Her eyes turned inward and she caught her stomach like it was falling off. She didn’t seem to like the idea of me being a healer. Some people think healers are witches, but that’s stupid. Then she said, “Come here, girl.”

I did.

“Stand here,” she said. “Right beside me.”

I moved in a little closer. She took my hand and placed it on her belly. “I’ve got something wrong here, see what you can do with it.”

There was so much fabric between my hand and her belly that I wasn’t certain. But if you think about it, how could fabric block healing powers? I closed my eyes and relaxed, sending healing through my hand. No adult had ever asked me to heal them of anything. After a time, I took my hand back and asked, “Did that help?”

She started walking again. “Who knows? I believe in the power of prayer, but I have a good doctor too.”

I kept up with her, fast or slow. I adjusted my pace with hers. Bunny fell in step too, just like a well-trained dog, but he was a pig.
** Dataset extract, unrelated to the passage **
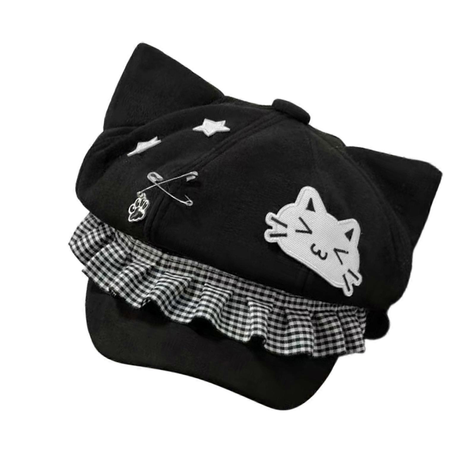 Punk Beret Kitten Ear Unisex Headwear Accessory for Women Men Cabbie Hat for Halloween Cosplay Party Outfit blackplaid

Finally, I screwed up my courage to tell her who I was, but when I opened my mouth—lo and behold, no words. I walked on a little farther, then I got up my nerve. One, two, three—just tell her.

“I have got to tell you something important,” I announced, ready to pour out my whole story, get it off my chest, take my chances.

Suddenly, Sister Eleanor elbowed me out of the way. She lurched forward, lifting a huge rock with both hands, and slammed it down on the head of a rattlesnake, a hideous side-slipping monster that was crossing my path. His head smashed under the rock; his long nasty tail whipped around, slashing the air, shaking those rattles. And he spewed out stink like a mildewed sock. Sister Eleanor kept her blue boot on the rock until the snake stopped writhing. Then she kicked the rock aside, examined the bloody skull, picked up the limp body, and turned to stomp back to the house, her skirts swishing against her legs. She skinned that snake and hung it on the porch railing to dry.

Smashing that rattlesnake was a sign, if I ever saw one. That’s what I thought. It was a sign that I was not supposed to tell her who I was. Besides, it was her fault, she never asked me. Not once. And that was the last time I tried before she caught me.